We are interested in analyzing the posts starting with Ask HN or Show HN and from these we have to determine whether:
1. "Ask HN" or "Show HN" receive more comments on average
2. Posts created at a specific time receive more comments on average

The dataset for this project can be found at:     
https://www.kaggle.com/hacker-news/hacker-news-posts

## 1. Reading the file and seperating header

In [2]:
#opening and reading the file
from csv import reader

opened_file = open("hacker_news.csv")
read_file = reader(opened_file)
hn = list(read_file)
#seperating the header
headers = hn[0] 
hn = hn[1:]
print(headers)
#display the first five rows
print(hn[:5])

['id', 'title', 'url', 'num_points', 'num_comments', 'author', 'created_at']
[['12224879', 'Interactive Dynamic Video', 'http://www.interactivedynamicvideo.com/', '386', '52', 'ne0phyte', '8/4/2016 11:52'], ['10975351', 'How to Use Open Source and Shut the Fuck Up at the Same Time', 'http://hueniverse.com/2016/01/26/how-to-use-open-source-and-shut-the-fuck-up-at-the-same-time/', '39', '10', 'josep2', '1/26/2016 19:30'], ['11964716', "Florida DJs May Face Felony for April Fools' Water Joke", 'http://www.thewire.com/entertainment/2013/04/florida-djs-april-fools-water-joke/63798/', '2', '1', 'vezycash', '6/23/2016 22:20'], ['11919867', 'Technology ventures: From Idea to Enterprise', 'https://www.amazon.com/Technology-Ventures-Enterprise-Thomas-Byers/dp/0073523429', '3', '1', 'hswarna', '6/17/2016 0:01'], ['10301696', 'Note by Note: The Making of Steinway L1037 (2007)', 'http://www.nytimes.com/2007/11/07/movies/07stein.html?_r=0', '8', '2', 'walterbell', '9/30/2015 4:12']]
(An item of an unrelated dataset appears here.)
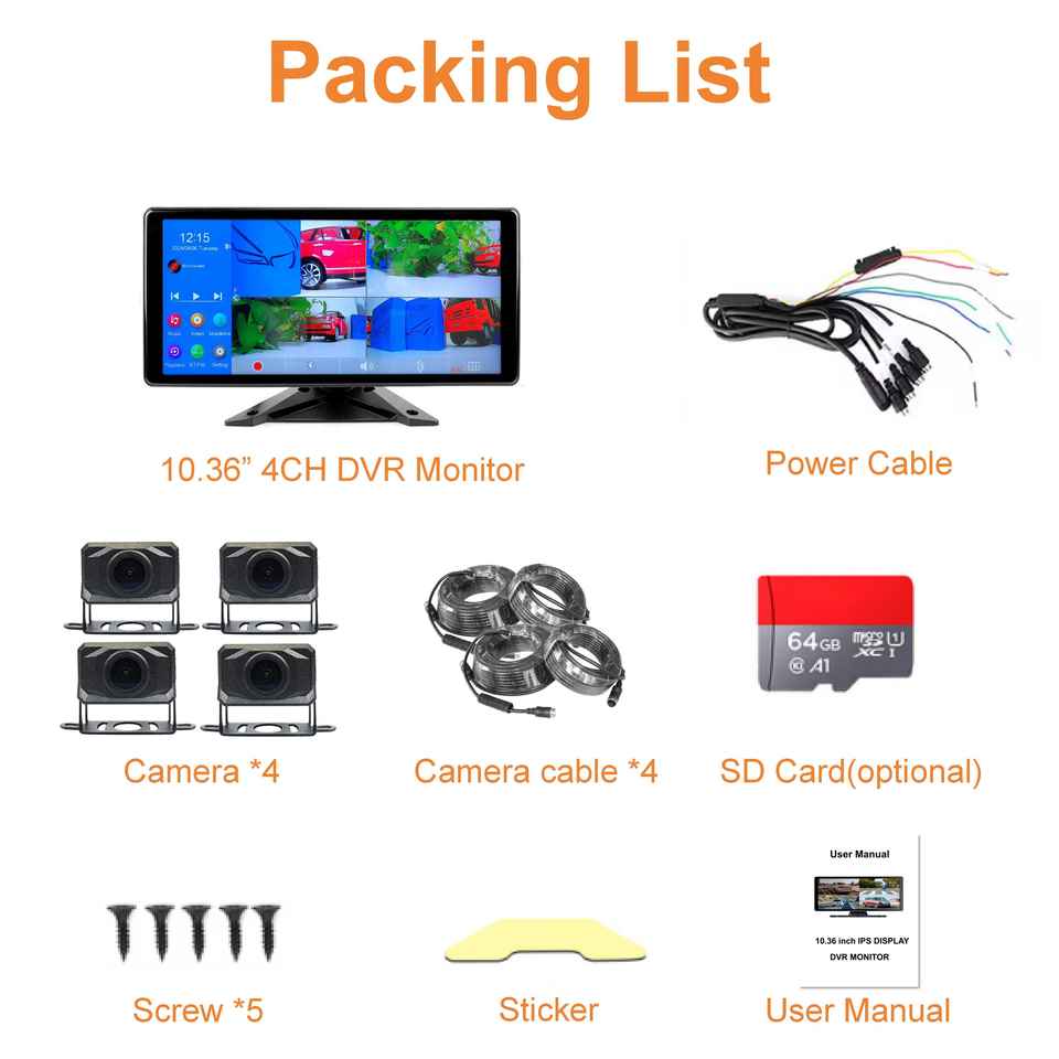 Nombre del producto:10,36 pulgadas de pantalla táctil DVR Monitor y conjunto de cámara

## 2. Seperating posts beginning with Ask HN and Show HN

In [3]:
ask_posts = []
show_posts = []
other_posts = []

for row in hn:
    title = row[1]
    if title.lower().startswith("ask hn"):
        ask_posts.append(row)
    elif title.lower().startswith("show hn"):
        show_posts.append(row)
    else:
        other_posts.append(row)
        
#checking the length of posts lists
print(len(ask_posts))
print(len(show_posts))
print(len(other_posts))

1744
1162
17194


## 3. Determine whether ask posts or showposts receive more comments on an average

In [4]:
#calculating total and averge of ask comments
total_ask_comments = 0
for post in ask_posts:
    num_comments = int(post[4])
    total_ask_comments += num_comments
    
avg_ask_comments = total_ask_comments / len(ask_posts)
print("Average ask comments:", avg_ask_comments)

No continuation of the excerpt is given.